We calibrated the maximum specific muscle tension and segmental target frame rotation contributions because corresponding literature data from experiments and simulations showed wide variations. The iterative procedure within the calibration, required to ensure consistency of results, was not discussed in this paper. Each simulation started in the same neutral state without external forces, but with ligaments pre-tensioned and the TC activated. This was the state in which the model was geometrically built. During the first simulation steps, gravity was ramped, followed by the settling phase in which the bones were able to move into an energetically favorable state. This was necessary because due to the forward dynamics method (Pandy, 2001) bone poses were not kinematically controlled and the upright stable is unequal to the initial neutral state. In contrast to inverse dynamic models (Christophy et al., 2012; Ignasiak et al., 2016; Khoddam-Khorasani et al., 2018; Liu et al., 2018; Favier et al., 2021a; Rajaee et al., 2021; Lerchl et al., 2022), the kinematic inputs were not complete and only used to move the five target frames (Figure 7B). The model dynamics described how the components advanced in time from one state to another. The exact motions of the active hybrid model, which include the IVRs, were not known in advance. By controlling the muscles using the TC, deviations between all target frames and respective bones were minimized for the selected coordinates. For the four vertebral target frames, these were only their rotations in sagittal plane. Resulting muscular forces directly moved the entire spine into various postures and provided spinal stability (muscle-driven approach).

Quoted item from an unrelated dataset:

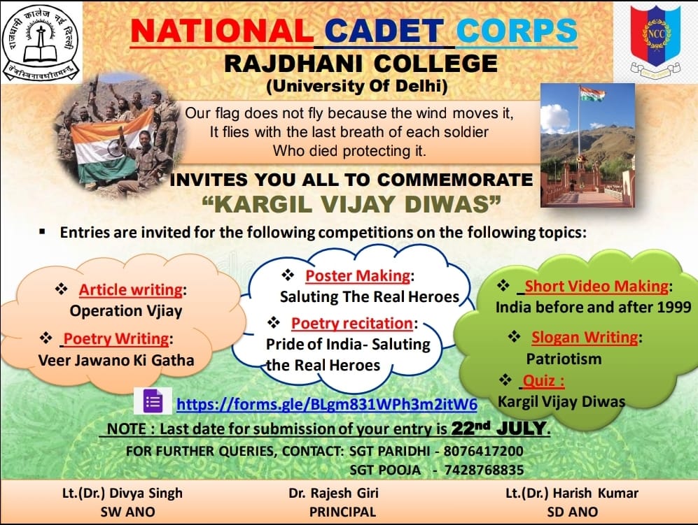 Lt Dr Divya Singh ANO, NCC RAJDHANI COLLEGE Kargil Vijay Diwas 2020-21 On the occasion of 22nd Kargil Vijay Diwas, an online session was organized by the cadets of rajdhani college (University of Delhi)

All LCs studied could be generated by the postural specification of the thorax target frame alone. However, as a sole boundary condition, we found that for some LCs with αy ≥ 20, no stable state for the lumbar vertebrae L2-L5 could be obtained by the TC. As a result, vertebral oscillations were not reduced by the muscles, which in the case of LC F302 resulted in inverted finite elements due to excessive distortions of the discs. Consequently, the specifications of the vertebral target frame rotations primarily served to stabilize the spine with the premise of keeping the influence on the model dynamics minimal (low weighting and calibration of segmental target frame rotation contribution). In upright position, sensitivity to IDPs were negligible (ΔIDP < 0.03 MPa) because IVRs and thus muscle activation patterns varied little. In flexion and extension, the influence on the calculated IDPs and IVRs were evident for the studied segmental rotation contributions of the target frames. As measured in vivo (Breen et al., 2021) non-linear segmental rotation contributions should be considered in the future given the relevance of our findings. Ligament strains, IDPs, or facet joint contact forces may represent alternative stability criteria besides the thorax target frame.

4.3 Validation

The validation of realistic simulation models requires experimental confirmation. In vivo, however, such data are difficult to acquire or may never be obtained. Given the large number of components and the inevitable combination of data from multiple sources, an absolute overall validation of our active hybrid model was not possible at this stage. Sole approach was the comparison of particular biomechanical model responses with experimental results under defined boundary conditions. Based on available publications, we therefore considered absolute IDP and IAP values and relative changes in muscle forces in 13 LCs. Moreover, to increase model validity, we extensively validated the passive LSS with experimental in vitro studies in all spatial directions in advance (Remus et al., 2021). This included ROMs, IVRs, IDPs, facet joint contact forces, instantaneous centers of rotation, functional spinal unit stiffnesses, and intervertebral disc bulges. This was done under the assumption of component validation (Lewandowski, 1982), based on the fact that models consisting of well-validated submodels are likely to be valid. Advantages compared to a direct validation of the entire active model included the higher number of useable in vitro studies, simplified loading conditions, and the influence analysis of LSS structures in case of a stepwise reduction of the anatomy (Heuer et al., 2007). Even though in vivo loading conditions cannot be correctly mimicked using a moment and follower load (Khoddam-Khorasani et al., 2018), muscle activation patterns represent boundary conditions too complex for fundamental, and detailed validation of the basic biomechanical responses of passive LSSs. The validation in this study was limited to symmetrical LCs in the sagittal plane. As other simulation models of the LSS (Liu et al., 2018; Malakoutian et al., 2018) have mostly been validated with the same in vivo studies as we have used, there are no significant differences in the biomechanical model responses. For more comprehensive model validation, additional movements such as axial rotations and lateral flexions as well as non-symmetric loads like holding a weight laterally and combined movements outside the anatomical planes need to be investigated.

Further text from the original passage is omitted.